Special population simulation

Simulate the 100 mg dose in a paediatric population with lower body weight driving CL allometrically:

# Covariate table for a paediatric cohort (n=200, WT 10-40 kg)
set.seed(7)
pedCovs <- data.frame(
  id = 1:200,
  WT = runif(200, 10, 40)
)

# Model with allometric CL scaling
pedModel <- pkpdModel |>
  model({
    cl <- exp(tcl + eta.cl) * (WT / 70)^0.75
    v  <- exp(tv  + eta.v)  * (WT / 70)
  }, append = NA)

pedSim <- rxSolve(
  pedModel,
  et(amt = 100, ii = 24, addl = 6) |>
    et(seq(0, 168, by = 2)) |>
    et(id=1:200),
  iCov = pedCovs,
  nSub = nrow(pedCovs),
  returnType = "data.frame"
)

pedDT <- as.data.table(pedSim)
pedCI <- pedDT[, .(p05 = quantile(cp, 0.05),
                   p50 = quantile(cp, 0.50),
                   p95 = quantile(cp, 0.95)), by = time]

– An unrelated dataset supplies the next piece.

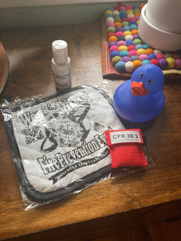 The next stop was Fire Trucks! I have picked up hot pads here for many years and this year they are much thinner than before. I asked the fire fighters distributing the swag if I could feel confident in these inferior hot pads protecting my hands…. One responded “double up” as he tossed me another! That did not boost my confidence. I realized that I just became that person at the fair complaining about a free giveaway….

ggplot(pedCI, aes(x = time)) +
  geom_ribbon(aes(ymin = p05, ymax = p95), fill = "coral", alpha = 0.3) +
  geom_line(aes(y = p50), colour = "coral", linewidth = 1) +
  labs(x = "Time (h)", y = "Concentration (mg/L)",
       title = "Paediatric simulation — 100 mg QD with allometric scaling",
       subtitle = "WT range 10–40 kg") +
  theme_bw()

Tips

  • Use rxSetSeed() / rxWithSeed() for reproducible simulations.
  • Increase nSub and nTrials (for power simulations) for production analyses; the values used here are kept small for build speed.
  • Combine parameter uncertainty (see the parameter uncertainty vignette) with BSV for the most complete uncertainty propagation.
  • The nlmixr2lib package provides published models ready for use in clinical trial simulations.